Richard Fröhlich

Personal information
- Born: 5 June 1986 (age 38) Stade, Germany
- Listed height: 6 ft 9 in (2.06 m)
- Listed weight: 240 lb (109 kg)

Career information
- High school: Realschule Oldendorf (Oldendorf, Germany)
- College: Citrus College (2006–2008); UTSA (2008–2010);
- NBA draft: 2010: undrafted
- Playing career: 2003–present
- Position: Power forward

Career history
- 2003–2004: VfL Stade
- 2005: Cuxhaven BasCats
- 2006: VfL Stade
- 2010–2011: Cuxhaven BasCats
- 2011–2012: Uni-Riesen Leipzig
- 2012–2013: BG Leitershofen
- 2013: Otto Baskets Magdeburg

= Richard Fröhlich =

German basketball player (born 1986)

Richard Georg Fröhlich (born 5 June 1986) is a German professional basketball player. He grew up in a small town called Oldendorf. The son of Georg and Vineta Fröhlich, he has 4 sisters; one of them, Linda Fröhlich, is considered the best women's player in Germany.

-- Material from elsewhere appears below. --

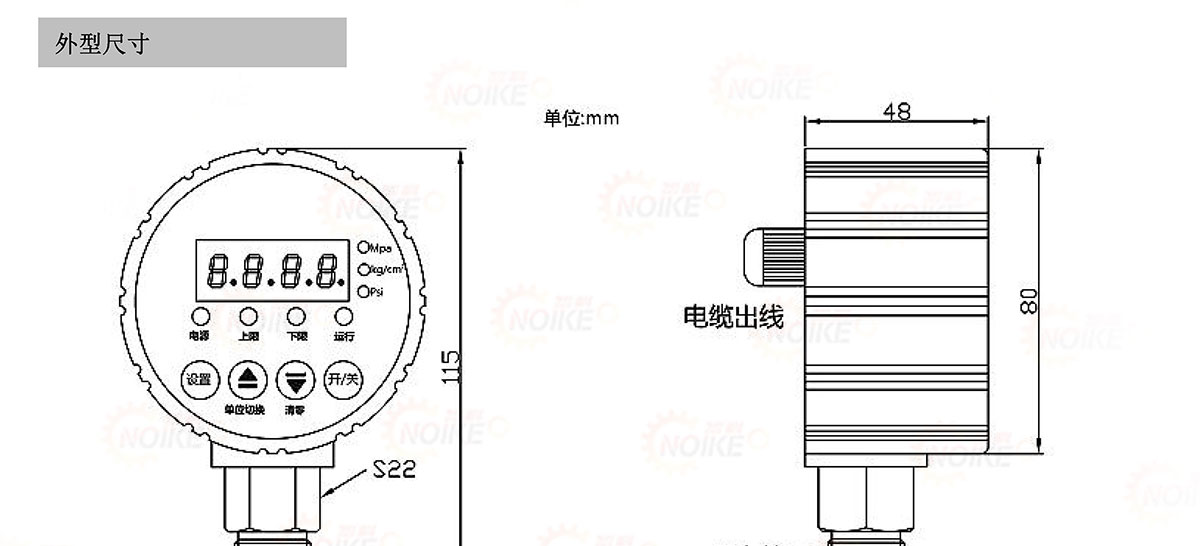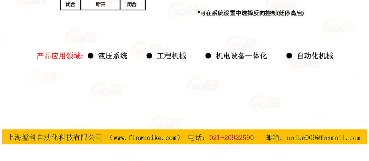 (2)該控制器具有延時控制,反向控制,三種壓力單位切換,誤差一鍵清零等多種附加功能,廣泛用于液壓氣動系統(tǒng),機電設備一體化,工程機械,自動化機械配套

Fröhlich, also called "Richie", played from 2006 to 2008 for head coach Rick Croy at Citrus College in Glendora, California. As a freshman, he averaged 4.1 points and 3.3 rebounds per game, shot 55.2 percent from the floor, and had 11 steals and seven blocks as a freshman. During Fröhlich's second year at Citrus College he averaged 6.9 points and 4.4 rebounds per game, blocked 22 shots and shot 55.9 percent from the field. He helped his team to a 35–1 record, the Western State Conference title, and the California Community College Athletic Association (CCCAA) championship.

For his junior year, Fröhlich transferred to the University of Texas San Antonio, playing for former NBA player Brooks James Thompson. Fröhlich averaged 2.6 points and 2.3 rebounds in just 7.3 min a game. The Roadrunners made it to the 2009 State Farm Southland Conference Tournament Championship Game. Fröhlich averaged 2.2 points per game and grabbed 1.9 rebounds in 8.8 minutes during his senior season. His team went to the 2010 State Farm Southland Conference Tournament.

For the 2010–2011 season Fröhlich signed his first professional contract with the Cuxhaven Bascats in the Basketball Bundesliga where he scored 5.2 points per game and had 3.e rebounds in 12 minutes. He scored 14 points in a game against Saar-Pfalz.

For the 2011–2012 season Fröhlich signed with the Uni-Riesen Leipzig.